One at a time, cars went around the object. Then it was Wood’s turn.

“He just stood there stock-still,” she said. “When I was passing him, his face just broke my heart. He looked like he was about to burst into tears.

“As I looked in my rear-view mirror, I thought, ‘That can’t be right.’ ”

The boy was trying to kill himself by jumping in front of traffic. That night, Oct. 11, Senior Airman Laci Wood, 23, became his guardian angel.

“As soon as it was safe to pull over, I did,” said Wood, a weather forecaster for the 100th Operation Support Squadron. “I didn’t just walk over to him. I ran.

“I said, ‘Sweetie, this isn’t a safe situation. You need to get out of the road.’ He was pulling away. He said, ‘Leave me alone. Let me kill myself.’

“I was holding him, hugging him. He was crying in my arms and I kind of scooted us onto the sidewalk.”

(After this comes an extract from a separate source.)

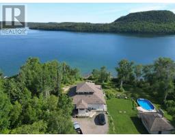 Welcome to an extraordinary waterfront home on breathtaking Nicol Island in Rossport, Ontario—one of Lake Superior’s most coveted private enclaves. This custom-built 4-bedroom, 2-bathroom home is nestled on 1.18 acres of land with shoreline on both sides of the island, with a total frontage of 300 ft, offering uninterrupted panoramic views of Lake Superior and Quarry Island where sunrises paint the sky and the lake sparkles like glass. It's absolute tranquility. Thoughtfully designed to embrace its natural surroundings, the main home features a wraparound tiered deck with a built-in hot tub, expansive windows, and a sunny open-concept layout perfect for lakeside living. Step into the sauna and solar-heated above-ground pool to unwind, or host guests in the charming guest house, complete with a lower-level games room and upper 1-bedroom loft. The detached garage is plumbed for heat and offers ample storage for all your outdoor gear. Recent upgrades include some updated windows (2021) and shingles (2019). The property is situated at the end of a private road on Nicol Island, which is connected to Rossport by a causeway and surrounded by the stunning Rossport Archipelago, a breathtaking cluster of islands located just offshore from the village of Rossport, on the north shore of Lake Superior. It’s —ideal for kayaking, fishing, and hiking in the Lake Superior National Marine Conservation Area. This is more than just a home—it’s a lifestyle on one of the most scenic stretches of Canada’s north shore. Rossport and Nicol Island offer a rare blend of natural beauty, artistic soul, and historical depth—all wrapped in the serenity of Lake Superior’s northern shore. Whether you’re seeking a year-round residence, a family getaway, or a legacy property, this is a once-in-a-lifetime opportunity. Visit www.century21superior.com for more info and pics. (id:47351)
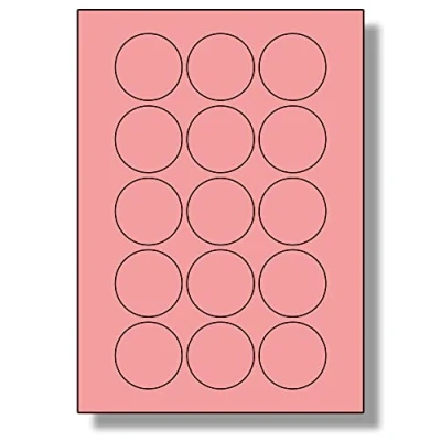 Label Planet® 15 Per Sheet, 5 Sheets (75 Round Pink Labels). Coloured Paper Labels, 51mm Diameter, LP15/51R C

The 12-year-old told Wood he had argued with his mother; she was “drowning him,” was how he put it. His grandfather was a grumpy old man who had “pushed him off a cliff.” He hadn’t seen his father for a long time. His parents were divorced.

“He didn’t feel his life was worth living,” Wood said. “He felt his life was crap.”

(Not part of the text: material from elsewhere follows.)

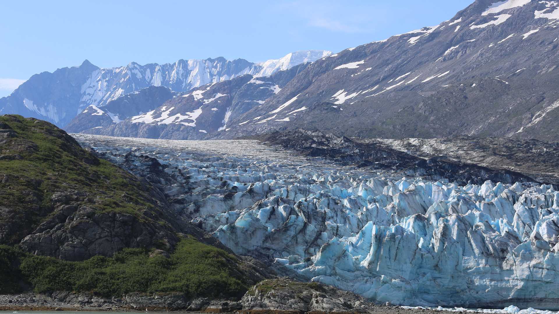 Glacier Bay National Park provided guests aboard National Geographic Venture with stunning views of her glaciers, mountains, marine life, and rocky landforms. Today dawned foggy and overcast as we sailed northward up Glacier Bay from Icy Strait. The fog gradually lifted, and the clouds spread open to reveal stunning views of upper Tarr Inlet as we sailed past Reid and Lamplugh Glaciers on our way to Margerie Glacier and, eventually, the debris-covered terminus of Grand Pacific Glacier – one of the main “trunk” glaciers that once filled all of Glacier Bay. Several sea otters occupied a small iceberg as we approached Margerie Glacier, and they suddenly decided to take a swim as National Geographic Venture drifted past. Margerie Glacier, a classic tidewater glacier, was highly active in the bright morning sunshine with her usual loud cracks and booms, signaling the movement of ice. Guests on board National Geographic Venture were rewarded with several spectacular calving events as large blocks of ice fell off the front of Margerie Glacier into Tarr Inlet. As the ship prepared to leave, an enormous mass of ice calved off the center-left side of Margerie, creating an enormous wave that washed over icebergs floating in front of the glacier.

A U.S. security forces truck passed by about 15 minutes later and Wood flagged it down. She was told they’d call the British police.

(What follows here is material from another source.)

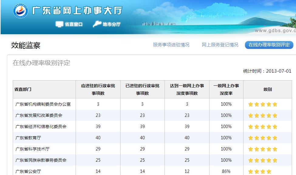 廣東省網(wǎng)上辦事大廳運用信息化手段創(chuàng)新政府管理與服務(wù),整合全省政府資源提高網(wǎng)上辦事效率,實現(xiàn)全省“一張網(wǎng)”。目前,45個省級單位、21個地級以上市和順德區(qū)的網(wǎng)上辦事窗口或分廳,與省網(wǎng)上辦事大廳實現(xiàn)連通。首批45個省級單位共有1106項服務(wù)事項順利進駐省網(wǎng)上辦事大廳,516項辦事提供了在線申辦服務(wù)。21個地級以上市和順德區(qū)的18879項服務(wù)事項順利進駐,其中有6217項辦事提供了在線申辦服務(wù),切實做到跨部門業(yè)務(wù)與服務(wù)的資源集成與整合;同時,運用了云計算理念、數(shù)據(jù)中心理念,推動各類行政審批、社會管理和服務(wù)事項實現(xiàn)網(wǎng)上“一站式辦理、一條龍服務(wù)”,首創(chuàng)辦事人只要根據(jù)需求和條件對號入座就能辦理業(yè)務(wù),將8小時政府變?yōu)?4小時政府,白天晚上均可網(wǎng)上申辦。
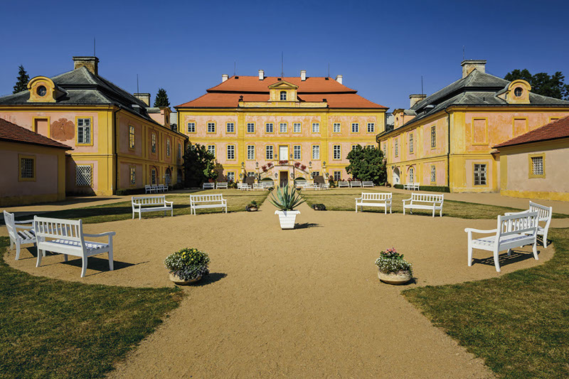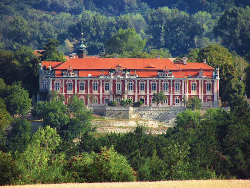 To už ale pokračujeme dále směrem na Žatec a pár kilometrů za touto chmelovou metropolí narazíme na zámek Stekník. Rokokovou perlu s italskými terasovitě uspořádanými zahradami nemůžete při svém putování vynechat. Pokud sem vyrazíte o letních prázdninách, pravděpodobně si užijete příjezd na zámek silnicí vedoucí v srdci chmelnic.

The two waited another 15 minutes or so. The sun was going down and the air was getting colder. The boy, whose identity is not being revealed, wore a red shirt and no jacket.

Wood told the boy her name, how old she was and what she did for a living. Then she decided the two would walk to security Gate 9 at Mildenhall, about a mile down the road.

“Even though my car was there, I was still a stranger to him,” she said.

As they walked, Wood stayed between the boy and the road. One time a car came by and the boy grabbed her hand and pulled her onto the grass.

“We don’t want you getting hit,” he said.

At the guard shack, they met a guy named Steve. Steve and the boy did some male bonding.

“The boy was a little upset,” said Airman 1st Class Stephen Blevins of the 100th Security Forces Squadron. “Things were a little military. I had my weapon — a 9 mm — on me.

“I think he thought we were going to be mean to him.”

Blevins said the boy said some heavy stuff about his home life.

“He was personable and down-to- earth,” Blevins said. “He wanted to talk.”

So they did, discussing airplanes, “Yank” drivers and football — both the British and American kind.

“By the end, he was laughing and joking with us,” Wood said. “He decided we weren’t so bad. His mother had dated a couple military men and they’d treated her badly.”

Police from the British Ministry of Defense — who handle calls from the base — finally came and took over the situation. They were stern with the boy, Wood and Blevins said, asking a few questions and then taking him away.

Wood said she wished she had gone with them. She wanted his mother to know what happened and see that the boy got counseling.

She filled out a report for base security and went home.

“I called my mom and I cried,” said Wood, who is from Lewisville, Texas. “I was shocked that any 12-year-old boy would take his life. I couldn’t help but feel, ‘If I was your mom, I would never let you feel this way or let it get this bad.’

“But sometimes parents are the last ones to know.”

Wood said she tried calling British police to find out what happened to her new friend. She wants to know how he is doing.

Last week, Wood transferred from Mildenhall to Eglin Air Force Base, Fla. But before she left, she was presented an Air Force Achievement Medal — Oak Leaf Cluster for her heroics. She wished it didn’t have to happen.

“Things would be much better off if he didn’t think he had to take his life, instead of me getting all this attention,” Wood said.

“Just a kid 12 years old and he felt he had the weight of the world on his shoulders. I think maybe he wanted some attention, someone to realize that he wasn’t OK.

“I think it was an eye-opener for him that people do care. Even strangers.”